Genius is a word thrown around all too loosely, but that is how the pioneering Flemish painter Jan Van Eyck is regarded by scholars. His majestic, mesmeric Ghent Altarpiece, completed in 1432, changed art forever. While he did not invent oil painting, his consummate mastery of the then-novel form was so awe-inspiring that it might have been ascribed to medieval alchemy. Even after six centuries, his paintings can be exhilarating, blending exquisite details and uncanny realism with vibrant colors and twinkling luster. And if there was any doubt about Van Eyck’s virtuosity, the extraordinary exhibition at Ghent’s Museum of Fine Arts that opened on February 1 should confirm his status as the true father of the Renaissance painting.

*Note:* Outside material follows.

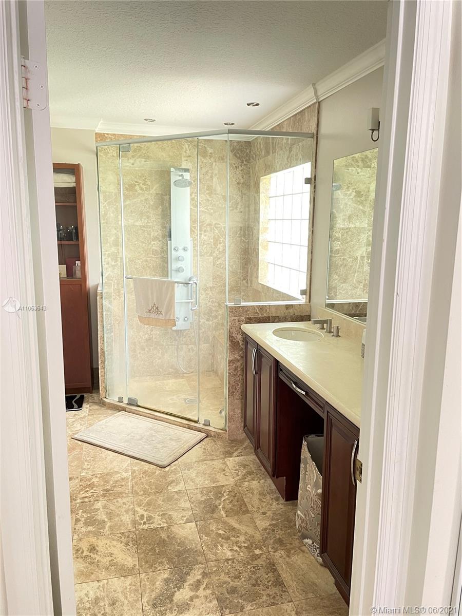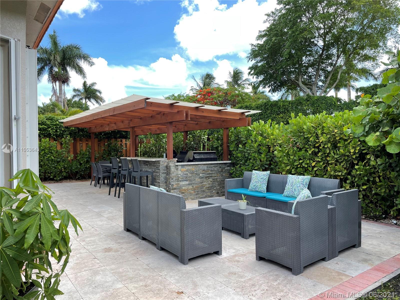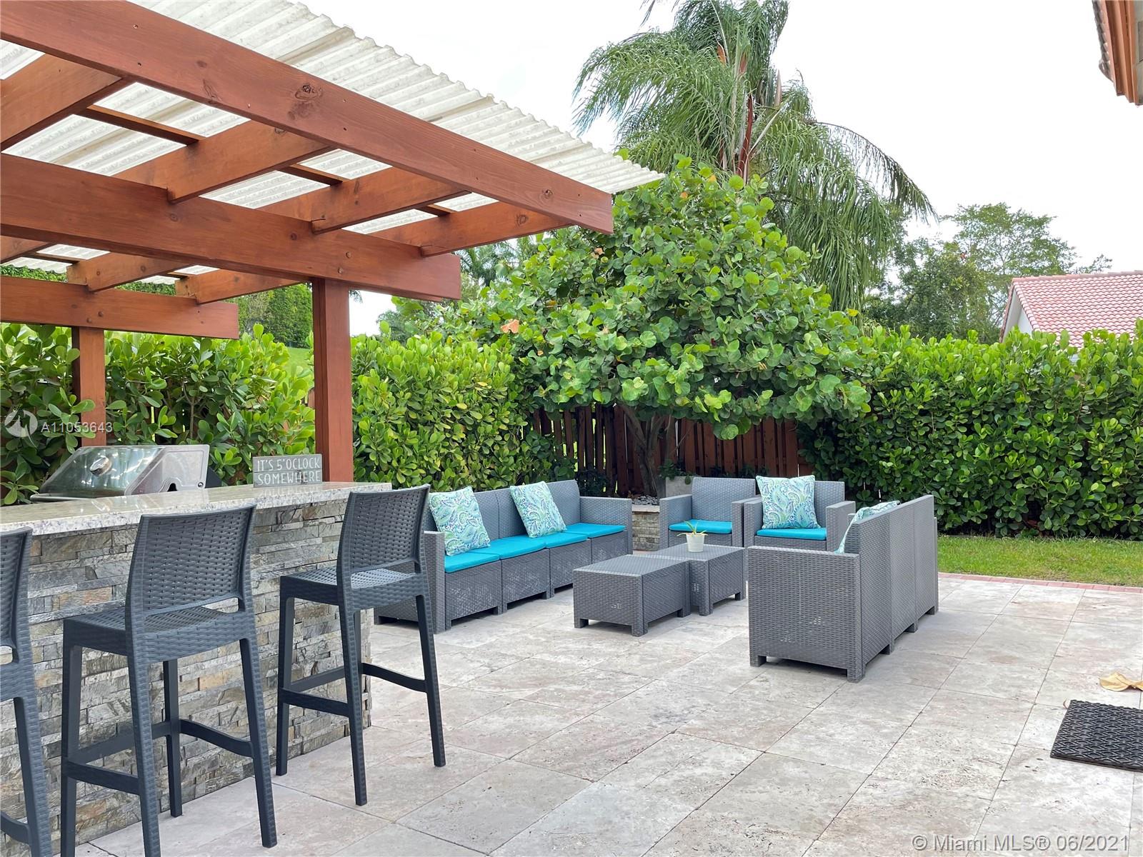 beautifully remodeled single story home in the exclusive Doral Isles, this home consists of 4 bedrooms 2.5 bathrooms porcelain floors, remodeled modern bathrooms, and a beautiful patio with a built in pergola and travertine floors. Dont miss out on this opportunity.

The museum show, ‘Van Eyck: An Optical Revolution’, is the largest ever display of his works, gathering 13 of his 23 known pictures. It is part of a mega celebration of Van Eyck by the city of Ghent, with a series of events to mark the restoration of the Ghent Altarpiece also known as The Adoration of the Mystic Lamb. The 31 projects include exhibitions linking Van Eyck to contemporary artists and designers, musical interpretations, and inevitably for Belgium, a Van Eyck beer was made with bedstraw and yarrow, two herbs depicted in the Altarpiece.

Sometimes described as a Flemish Primitive or Early Netherlandish, Van Eyck was the first true Renaissance artist, pioneering a new form of painting. Using transparent layers of paint, bound by oil, he conjured up textures and surfaces, details and colors more realistically than anything ever seen before.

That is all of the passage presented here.